Empirical note: Some models (like T5) use base=1,000 with success, showing this is a tunable hyperparameter. The sweet spot depends on expected sequence lengths and model capacity.

There is a caveat…

Despite the mathematical elegance, sinusoidal encoding fails to extrapolate well in practice. When sequences exceed training length, performance degrades. The culprit: additive integration and attention’s nonlinear transformations.

The breakdown (step by step)

Consider tokens at positions $m$ and $n$ :

Step 1: Addition mixes signals

x_m = w_m + p_m \quad (\text{token} + \text{position})

Content and position are now entangled in the same vector space.

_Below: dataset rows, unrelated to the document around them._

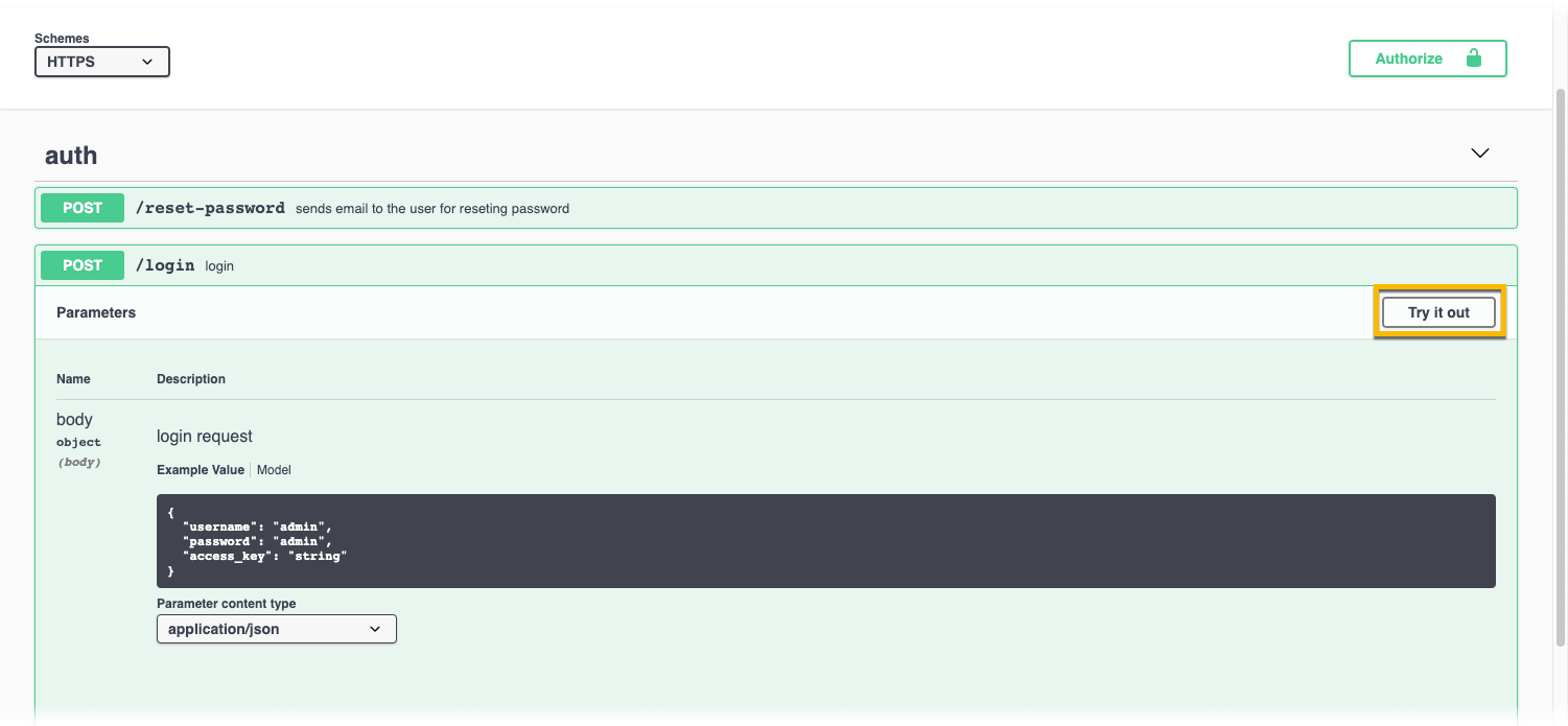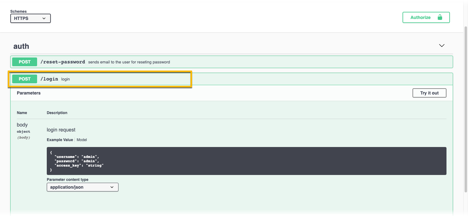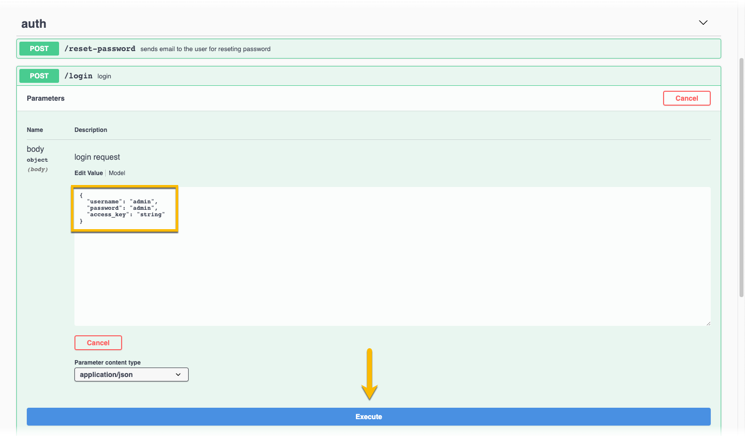 - Body = -d “{ "username": "admin", "password": "admin", "access_key": "string"}”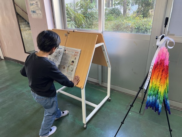ふと見ると、新聞を読みふける児童の姿。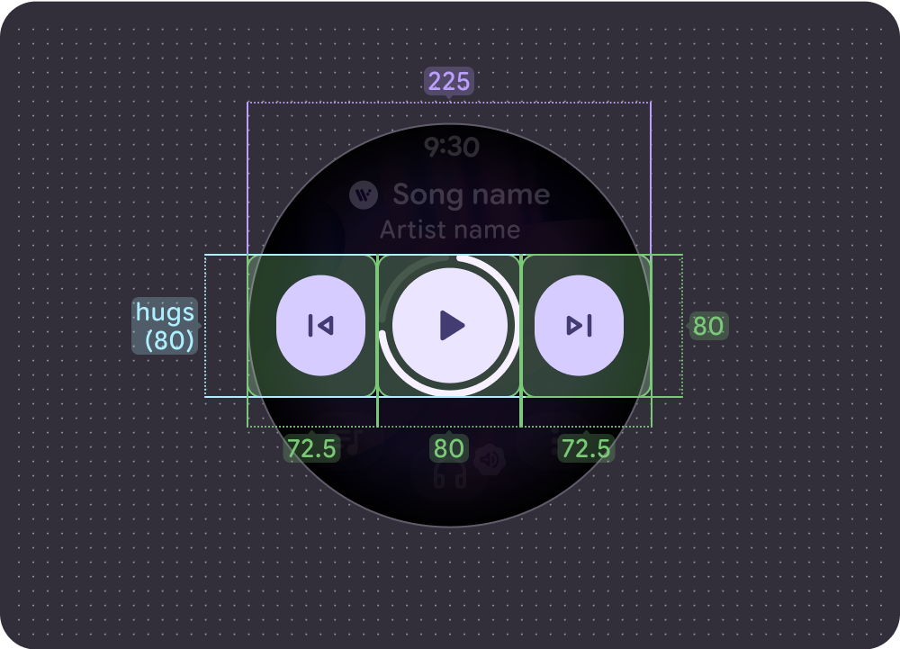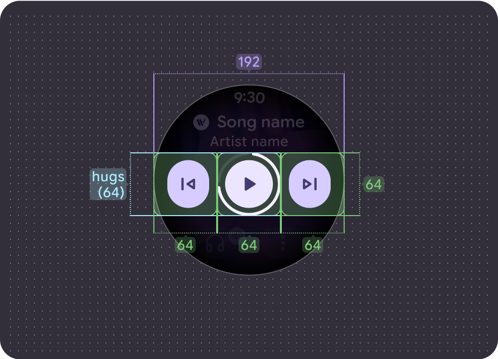 Das wichtigste Steuerelement ist in der Regel die Schaltfläche „Wiedergabe“ und „Pause“. Nach dem Breakpoint von 225 dp wird die Steuerung von 64 dp auf 80 dp skaliert, wodurch die Tippziele für alle Steuerelemente darin vergrößert werden.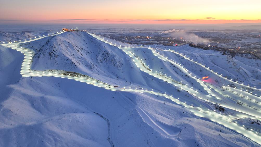 这是1月24日拍摄的黄昏时分的将军山国际滑雪度假区(无人机照片)。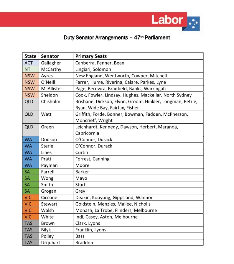 Labor Duty Senator List If you live in an electorate without a Labor MP, you can contact these Labor duty senators for help with any government matter. You can download a full list of the Labor Duty Senators’ emails and phone numbers by clicking on this link. labor-duty-senators-1Download Visit the Australian Book and Language Studio www.abls.com.au Share this: Email a link to a friend (Opens in new window) Email Print (Opens in new window) Print Share on Facebook (Opens in new window) Facebook Share on LinkedIn (Opens in new window) LinkedIn Share on X (Opens in new window) X Share on Pinterest (Opens in new window) Pinterest Share on Reddit (Opens in new window) Reddit Share on Tumblr (Opens in new window) Tumblr Like Loading...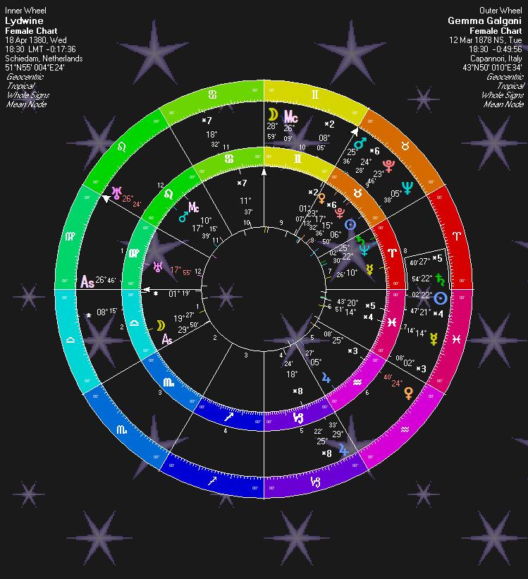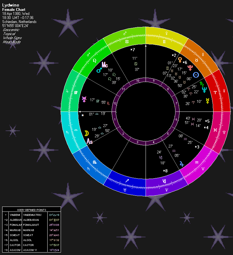 Lydwine’s Pluto is just past 15 degrees. At this degree, Taurus’ rulership shifts to Venus (“Fragrant” [Venus] Body [Earth element sign]”) which is in its sign, latter Taurus. The subrulership shifts to Jupiter. And then Neptune and finally Saturn. The subrulers are of mysticism and chastity and celibacy. The sentence can be produced: Confined (Saturn) Religious(Jupiter)/Celibate (Jupiter or Saturn) Mystic/Catholic (Neptune) Young Woman (Venus).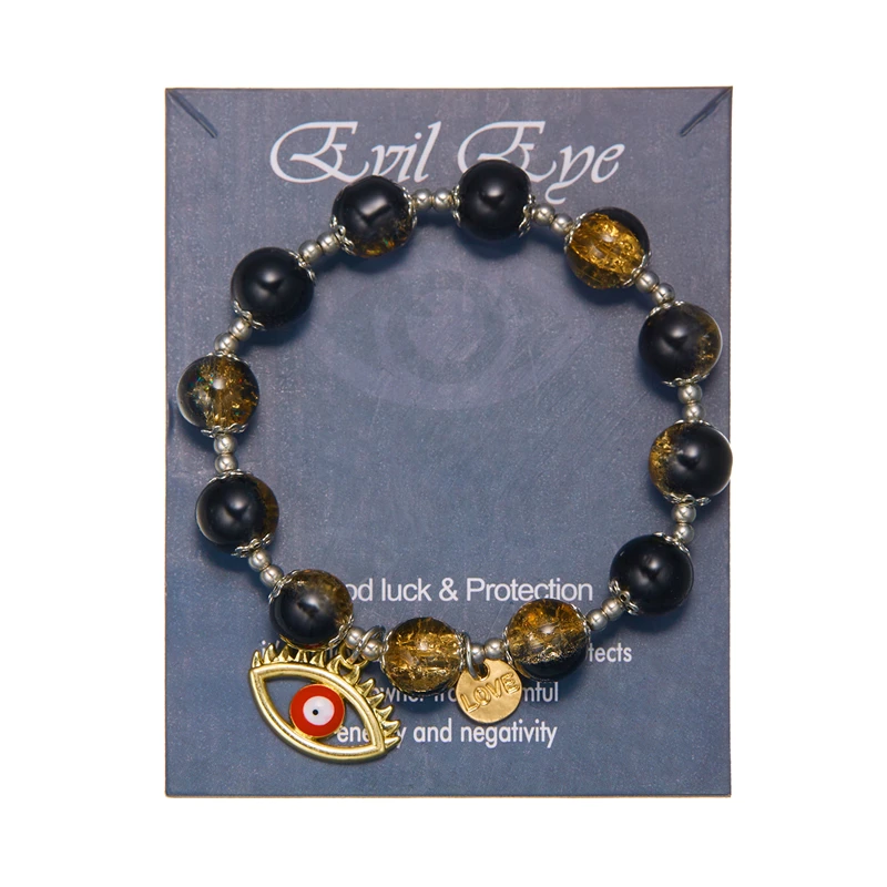 Blue Crystal Crackle Beads Bracelets Trendy Evil Eye Letter Love Pendant Bracelet For Women Men Jewelry Bead Charm Gift

Step 2: Linear projections

\begin{align*} q_m &= x_m W_Q = (w_m + p_m)W_Q = w_m W_Q + p_m W_Q\\ k_n &= x_n W_K = (w_n + p_n)W_K = w_n W_K + p_n W_K \end{align*}

The learnable matrices $W_Q, W_K$ have no knowledge of the rotational structure in $p$ .

Step 3: Attention dot product destroys rotational property

\begin{align*} q_m \cdot k_n^T &= (w_m W_Q + p_m W_Q)(w_n W_K + p_n W_K)^T\\ &= \underbrace{w_m W_Q W_K^T w_n^T}_{\text{content-content}} + \underbrace{w_m W_Q W_K^T p_n^T}_{\text{content-pos}} \\ &\quad + \underbrace{p_m W_Q W_K^T w_n^T}_{\text{pos-content}} + \underbrace{p_m W_Q W_K^T p_n^T}_{\text{pos-pos}} \end{align*}

The beautiful relative-position-as-rotation property only exists in the raw $PE(pos)$ vectors. After projection and mixing, it’s destroyed. The model perceives an entangled combination of token-token similarity, token-position interaction, and position-position interaction. The rotation matrix property is not preserved through $W_Q W_K^T$ .

The solution?

Rotary Positional Embedding (RoPE) solves this by applying rotation after projection (to $q$ and $k$ directly), ensuring the rotation operation commutes with the dot product, and making relative position explicit in attention scores. But that’s a story for the next episode.

Key takeaway: Sinusoidal encoding is theoretically elegant but practically compromised by how Transformers integrate it. It’s a clever hack that works well enough for most use cases, but modern architectures like RoPE improve on its limitations by respecting the geometry throughout the attention computation.